### Description of the task
Leaving out the images, repeat all the lines below exactly.

### Dataset section
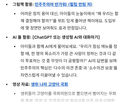 • 맞춤형 자료 큐레이션: 단순 검색이 아니라 학습 목표에 직결되는 그림책, 유튜브 영상, 최신 통계 자료를 링크와 함께 제안합니다.
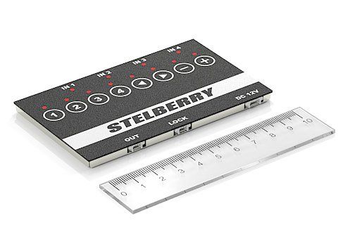 Stelberry MX-320 Профессиональный 4-канальный цифровой аудиомикшер с сенсорным управлением и для смешивания аудиосигналов с микрофонов. Позволяет подавать на выход любую комбинацию каналов. Регулировка любого из каналов, при отключенных остальных, позволяет более точно настроить каждый из аудиоканалов. Уровень входного/выходного аудиосигнала 0...1 В, частота пропускания 20...30 000 Гц, диапазон регулировки усиления -70...+20 дБ (2 дБ), питание (в т.ч. для подключенных микрофонов) 12...16 В, 50 мА, 100х60х6 мм
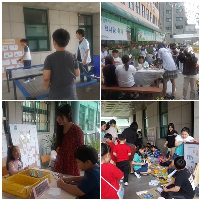 중흥 학부모회의 참여와 지원으로 꽃사랑 책사랑 체험부스(페이스 페인팅, 타투 스티커, 패치 만들기, 나비탈 만들기)를 운영하여 학생들의 많은 관심과 호기심을 일깨워주는 흥미로운 활동들을 전개하였습니다. 뿐만 아니라 통합교육 놀이터를 마련하여 어린이, 노인, 장애인, 비장애인을 넘나드는 Barrier-free 활동으로 미니 탁구, 거미손 탁구 등의 활동을 통해 장애인과 비장애인의 장벽을 허물고 서로에 대한 이해의 폭을 넓혔습니다.
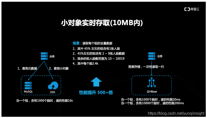 很多人工智能,多媒体场景,在线教育里面,大量图片、小视频文件。传统的使用方法都是存在OSS里面,OSS天然并发和时延处理能力有限,同时读写都是要收费的,读写次数越多,费用越高,使用HBase X-Pack没有这部分的费用,可以解决性能的瓶颈的同时,带来综合成本的降低。

### Task output
 • 맞춤형 자료 큐레이션: 단순 검색이 아니라 학습 목표에 직결되는 그림책, 유튜브 영상, 최신 통계 자료를 링크와 함께 제안합니다.
 Stelberry MX-320 Профессиональный 4-канальный цифровой аудиомикшер с сенсорным управлением и для смешивания аудиосигналов с микрофонов. Позволяет подавать на выход любую комбинацию каналов. Регулировка любого из каналов, при отключенных остальных, позволяет более точно настроить каждый из аудиоканалов. Уровень входного/выходного аудиосигнала 0...1 В, частота пропускания 20...30 000 Гц, диапазон регулировки усиления -70...+20 дБ (2 дБ), питание (в т.ч. для подключенных микрофонов) 12...16 В, 50 мА, 100х60х6 мм
 중흥 학부모회의 참여와 지원으로 꽃사랑 책사랑 체험부스(페이스 페인팅, 타투 스티커, 패치 만들기, 나비탈 만들기)를 운영하여 학생들의 많은 관심과 호기심을 일깨워주는 흥미로운 활동들을 전개하였습니다. 뿐만 아니라 통합교육 놀이터를 마련하여 어린이, 노인, 장애인, 비장애인을 넘나드는 Barrier-free 활동으로 미니 탁구, 거미손 탁구 등의 활동을 통해 장애인과 비장애인의 장벽을 허물고 서로에 대한 이해의 폭을 넓혔습니다.
 很多人工智能,多媒体场景,在线教育里面,大量图片、小视频文件。传统的使用方法都是存在OSS里面,OSS天然并发和时延处理能力有限,同时读写都是要收费的,读写次数越多,费用越高,使用HBase X-Pack没有这部分的费用,可以解决性能的瓶颈的同时,带来综合成本的降低。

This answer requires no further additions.